Develop a reinforcement learning agent using dynamic programming to help a Smart Supplier decide which products to manufacture and sell each day to maximize profit. The agent must learn the optimal policy for choosing daily production quantities, considering its limited raw materials and the unpredictable daily demand and selling prices for different products.

#### **Scenario**
 A small Smart Supplier manufactures two simple products: Product A and Product B. Each day, the supplier has a limited amount of raw material. The challenge is that the market demand and selling price for Product A and Product B change randomly each day, making some products more profitable than others at different times.

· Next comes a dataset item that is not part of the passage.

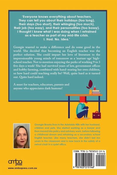 'Everyone knows everything about teachers. They can tell you about their holidays (too long), their days (too short), their whingeing (too much), their job (too easy), and their personalities (too bossy). I thought I knew what I was doing when I retrained as a teacher as part of my mid-life crisis. I. Had. No. Idea.' Georgie wanted to make a difference and do some good in the world. She decided that becoming an English teacher was the perfect solution. She could impart her love of literature to the impressionable young minds of tomorrow as a 'mature-age' high-school teacher. Not to mention enjoying the perks of working 9 to 3 five days a week! She had survived years of law, government offices and hobby farming, combined with hand-rearing her own children, so how hard could teaching really be? Well, quite hard as it turned out. Quite hard indeed. A must for teachers, educators, parents and anyone who appreciates dark humour!

The supplier needs to decide how much of each product to produce to maximize profit while managing their limited raw material.

#### **Objective**
The Smart Supplier's agent must learn the optimal policy π∗ using dynamic programming (Value Iteration or Policy Iteration) to decide how many units of Product A and Product B to produce each day to maximize the total profit over the fixed number of days, given the daily changing market conditions and limited raw material.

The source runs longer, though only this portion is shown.